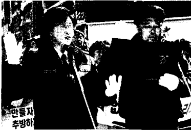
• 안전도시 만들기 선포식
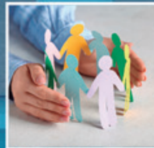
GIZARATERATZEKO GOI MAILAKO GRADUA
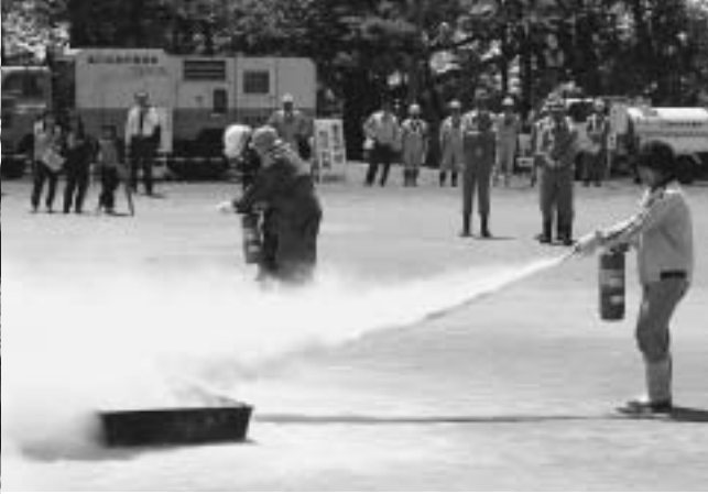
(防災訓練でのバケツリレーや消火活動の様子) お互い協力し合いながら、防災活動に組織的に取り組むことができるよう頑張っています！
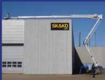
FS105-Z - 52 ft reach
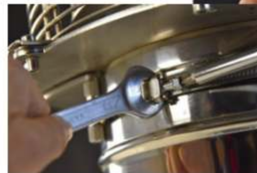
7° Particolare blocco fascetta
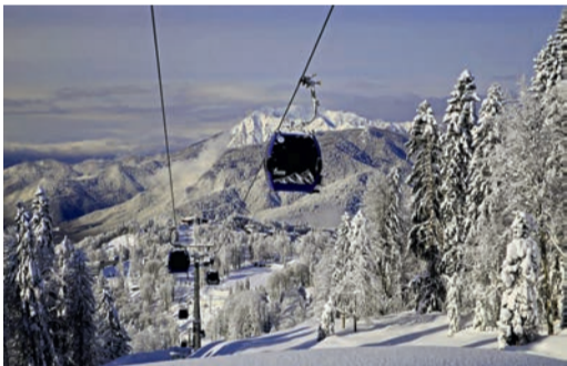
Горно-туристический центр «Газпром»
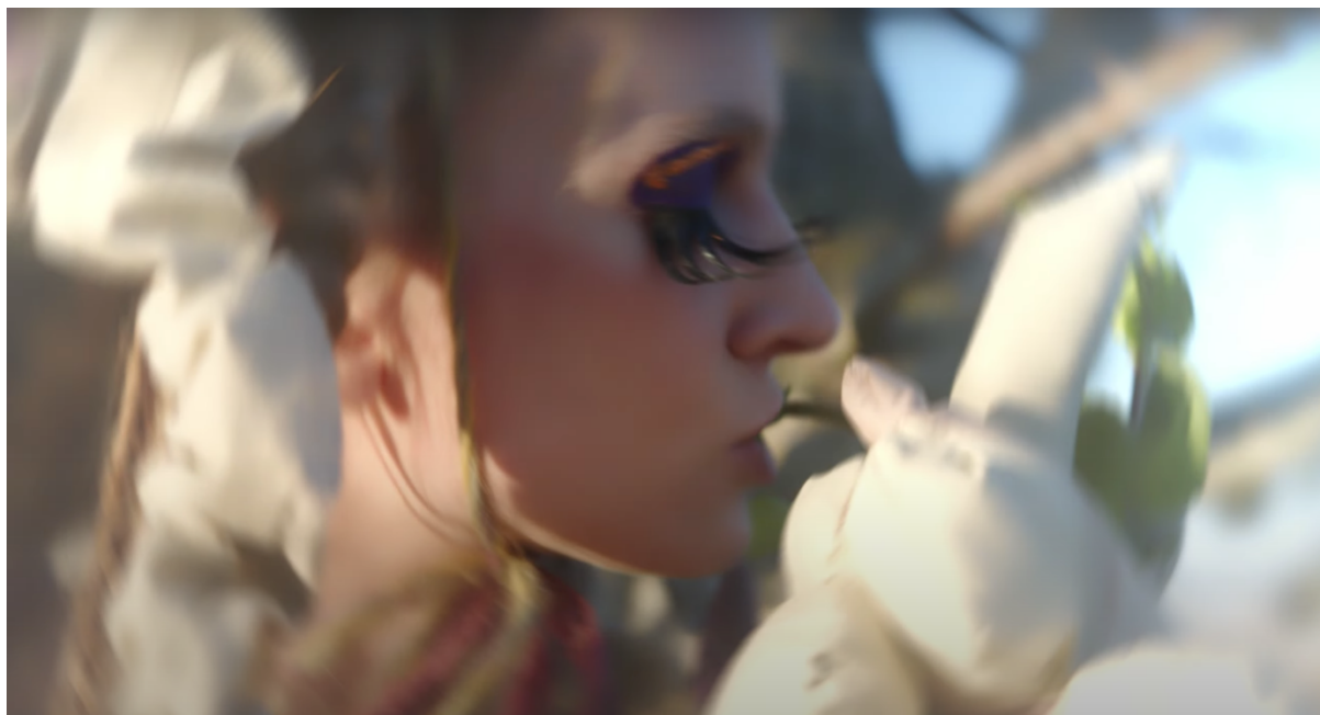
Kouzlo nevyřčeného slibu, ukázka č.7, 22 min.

==

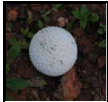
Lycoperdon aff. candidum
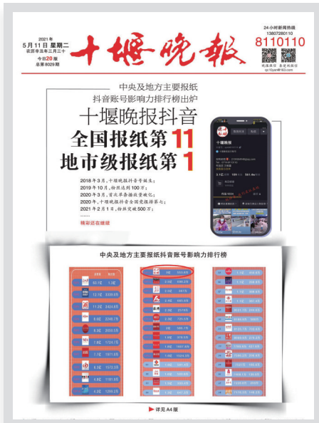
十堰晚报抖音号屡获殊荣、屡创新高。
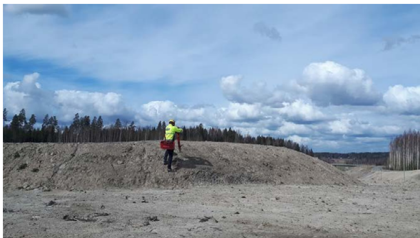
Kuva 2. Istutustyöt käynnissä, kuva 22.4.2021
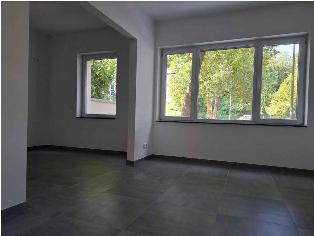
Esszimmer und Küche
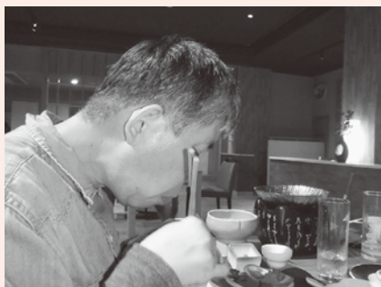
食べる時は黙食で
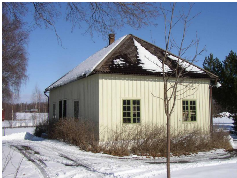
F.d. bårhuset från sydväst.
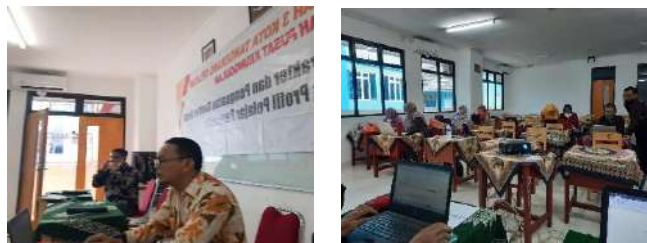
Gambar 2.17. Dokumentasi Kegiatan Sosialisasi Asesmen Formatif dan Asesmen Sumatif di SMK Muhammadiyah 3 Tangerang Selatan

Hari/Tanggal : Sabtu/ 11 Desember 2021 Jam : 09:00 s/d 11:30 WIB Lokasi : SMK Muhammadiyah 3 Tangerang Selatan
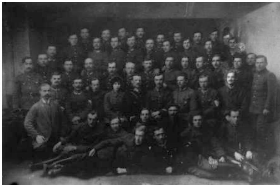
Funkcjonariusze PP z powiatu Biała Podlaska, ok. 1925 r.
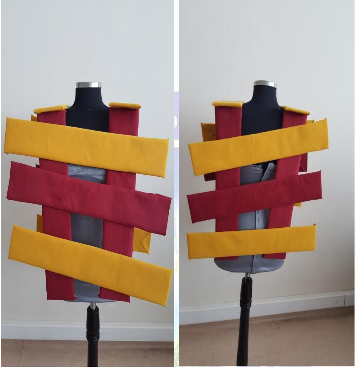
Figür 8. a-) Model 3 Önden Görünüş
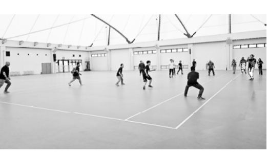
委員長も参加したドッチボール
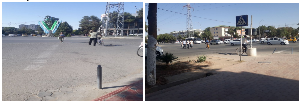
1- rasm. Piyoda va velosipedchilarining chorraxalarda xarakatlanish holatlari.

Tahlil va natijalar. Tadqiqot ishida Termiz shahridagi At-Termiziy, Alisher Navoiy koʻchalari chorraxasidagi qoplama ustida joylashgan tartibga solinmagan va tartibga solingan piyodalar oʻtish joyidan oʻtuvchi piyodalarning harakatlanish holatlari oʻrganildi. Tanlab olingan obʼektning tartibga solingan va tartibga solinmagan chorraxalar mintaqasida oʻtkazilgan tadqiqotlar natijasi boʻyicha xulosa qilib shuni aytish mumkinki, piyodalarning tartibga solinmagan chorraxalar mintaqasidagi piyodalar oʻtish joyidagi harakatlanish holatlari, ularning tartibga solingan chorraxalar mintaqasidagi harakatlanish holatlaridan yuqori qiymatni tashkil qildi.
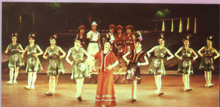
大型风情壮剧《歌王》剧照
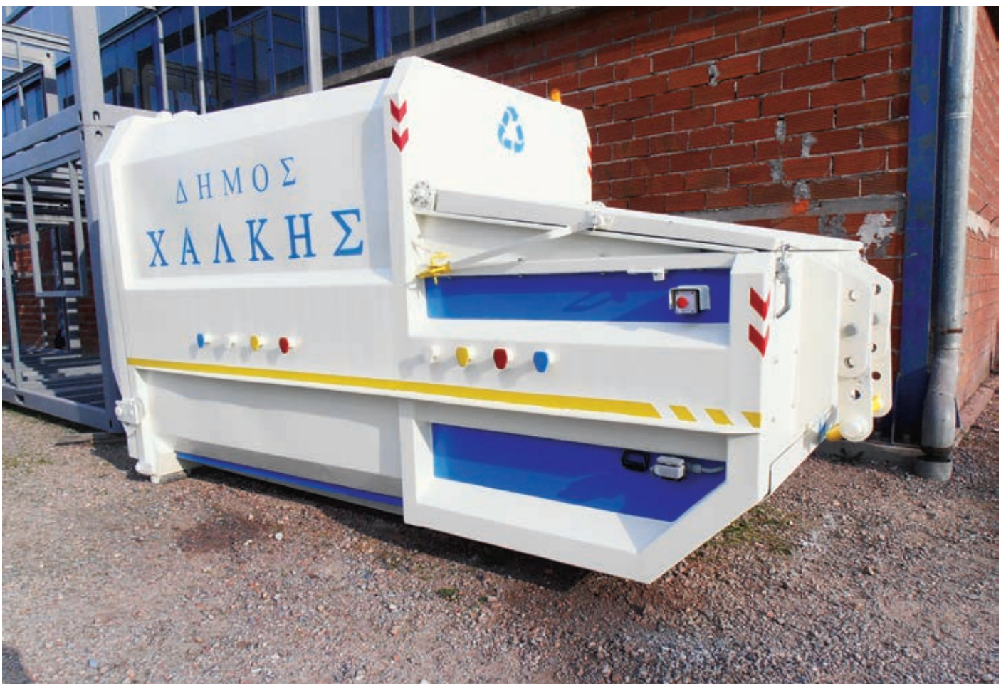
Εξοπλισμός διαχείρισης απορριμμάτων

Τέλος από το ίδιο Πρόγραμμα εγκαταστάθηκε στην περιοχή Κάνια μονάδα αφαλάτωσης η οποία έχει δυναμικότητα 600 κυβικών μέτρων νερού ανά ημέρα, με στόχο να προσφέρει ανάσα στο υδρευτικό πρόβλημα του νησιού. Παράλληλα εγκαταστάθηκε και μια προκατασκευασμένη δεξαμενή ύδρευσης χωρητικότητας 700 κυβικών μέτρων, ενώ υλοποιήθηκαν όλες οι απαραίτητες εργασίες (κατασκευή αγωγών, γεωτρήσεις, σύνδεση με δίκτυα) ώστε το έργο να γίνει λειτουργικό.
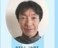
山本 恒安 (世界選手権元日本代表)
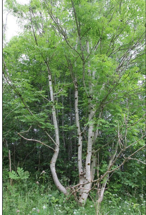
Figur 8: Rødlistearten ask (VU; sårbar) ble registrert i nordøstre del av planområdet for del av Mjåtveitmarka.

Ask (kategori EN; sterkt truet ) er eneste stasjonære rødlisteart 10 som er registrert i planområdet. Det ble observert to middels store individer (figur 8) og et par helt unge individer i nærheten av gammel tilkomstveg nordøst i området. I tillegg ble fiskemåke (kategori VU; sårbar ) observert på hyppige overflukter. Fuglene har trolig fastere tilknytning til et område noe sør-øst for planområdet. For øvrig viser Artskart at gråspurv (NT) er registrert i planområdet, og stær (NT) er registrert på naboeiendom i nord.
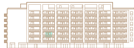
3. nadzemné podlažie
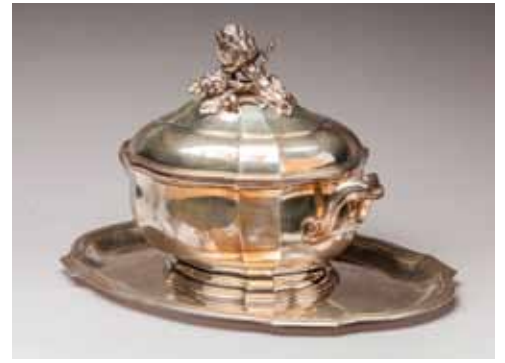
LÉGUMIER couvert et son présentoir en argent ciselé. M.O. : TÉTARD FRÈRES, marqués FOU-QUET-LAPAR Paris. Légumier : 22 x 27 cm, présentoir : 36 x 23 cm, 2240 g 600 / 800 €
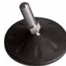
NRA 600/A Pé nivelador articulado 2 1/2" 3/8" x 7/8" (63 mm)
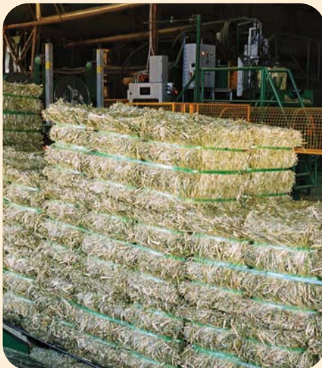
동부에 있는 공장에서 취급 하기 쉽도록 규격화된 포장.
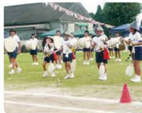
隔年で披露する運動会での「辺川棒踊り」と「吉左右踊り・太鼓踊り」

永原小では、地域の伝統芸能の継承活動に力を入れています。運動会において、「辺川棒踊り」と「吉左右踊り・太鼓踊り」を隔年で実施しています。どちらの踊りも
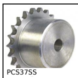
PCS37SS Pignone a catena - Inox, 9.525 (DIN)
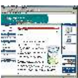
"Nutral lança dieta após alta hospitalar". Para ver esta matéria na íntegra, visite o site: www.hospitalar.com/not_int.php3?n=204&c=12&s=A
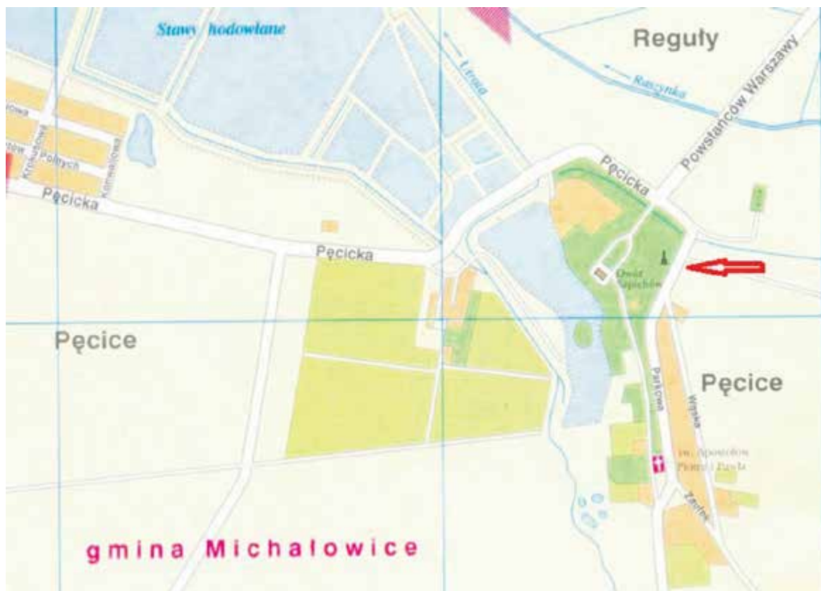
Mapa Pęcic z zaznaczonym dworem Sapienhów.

==

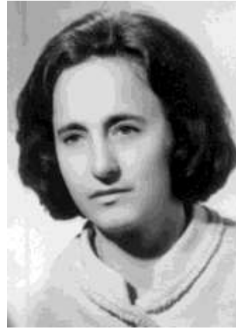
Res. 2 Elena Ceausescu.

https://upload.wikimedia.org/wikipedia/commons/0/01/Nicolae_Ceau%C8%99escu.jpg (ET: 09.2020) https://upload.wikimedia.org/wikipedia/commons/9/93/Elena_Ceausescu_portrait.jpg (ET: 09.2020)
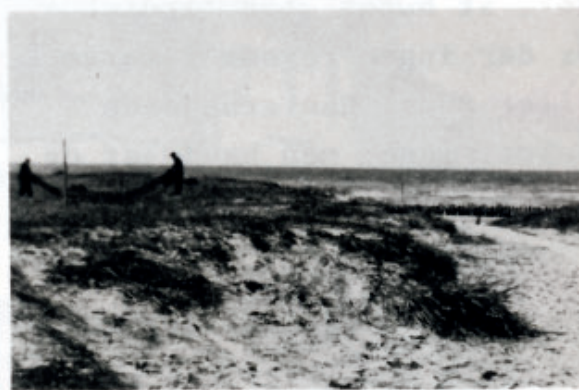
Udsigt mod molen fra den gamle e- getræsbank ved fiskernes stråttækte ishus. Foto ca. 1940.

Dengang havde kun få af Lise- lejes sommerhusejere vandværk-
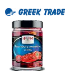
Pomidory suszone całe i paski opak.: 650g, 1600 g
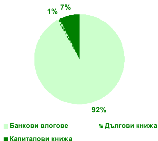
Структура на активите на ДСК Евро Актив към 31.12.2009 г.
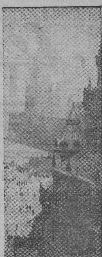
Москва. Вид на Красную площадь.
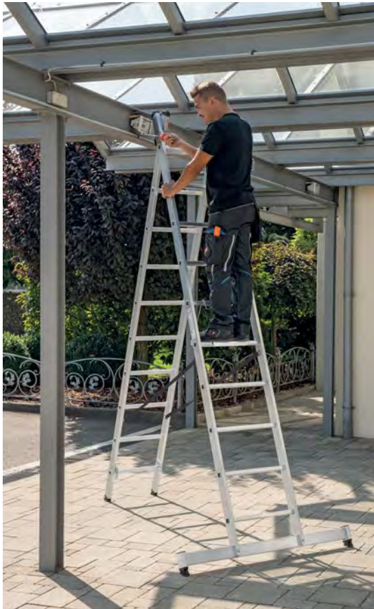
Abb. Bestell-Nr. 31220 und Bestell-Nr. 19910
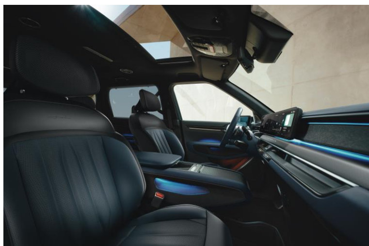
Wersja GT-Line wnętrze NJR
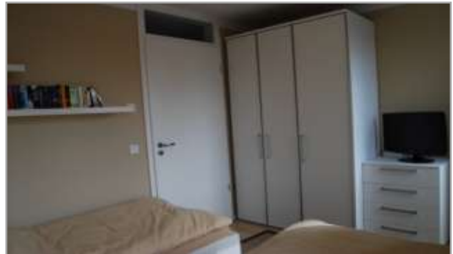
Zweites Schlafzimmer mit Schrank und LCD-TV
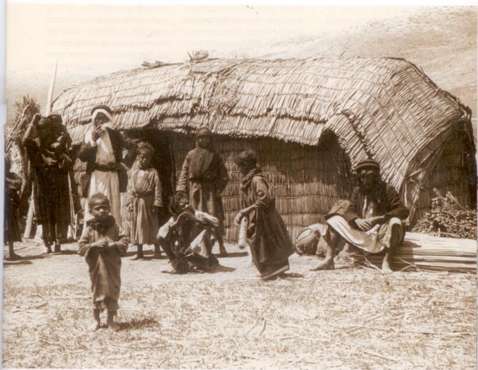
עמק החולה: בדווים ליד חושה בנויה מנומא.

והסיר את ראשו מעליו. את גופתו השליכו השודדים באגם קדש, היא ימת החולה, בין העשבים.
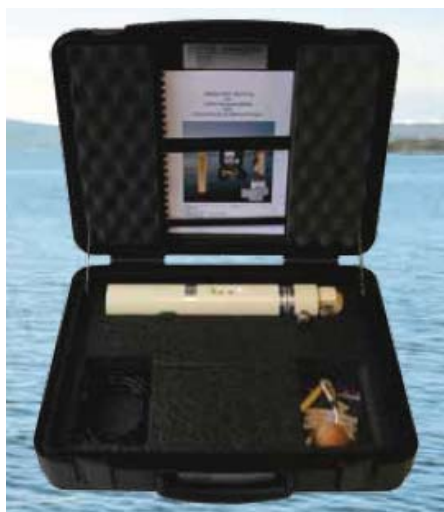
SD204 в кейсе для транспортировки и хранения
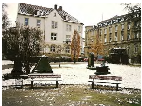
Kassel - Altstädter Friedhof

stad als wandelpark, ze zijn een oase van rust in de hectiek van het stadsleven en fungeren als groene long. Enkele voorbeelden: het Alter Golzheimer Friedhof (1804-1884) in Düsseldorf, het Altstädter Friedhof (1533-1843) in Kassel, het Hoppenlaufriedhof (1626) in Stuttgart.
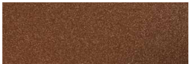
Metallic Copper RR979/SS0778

▶ _Exercise objective_: From the records above, copy exactly the stretch from the line holding "안전도시 만들기 선포식" through the line holding "Kouzlo nevyřčeného slibu, ukázka č.7, 22 min.", both ends included, without the pictures.

▶ _Task response_:
• 안전도시 만들기 선포식
GIZARATERATZEKO GOI MAILAKO GRADUA
(防災訓練でのバケツリレーや消火活動の様子) お互い協力し合いながら、防災活動に組織的に取り組むことができるよう頑張っています！
FS105-Z - 52 ft reach
7° Particolare blocco fascetta
Горно-туристический центр «Газпром»
Kouzlo nevyřčeného slibu, ukázka č.7, 22 min.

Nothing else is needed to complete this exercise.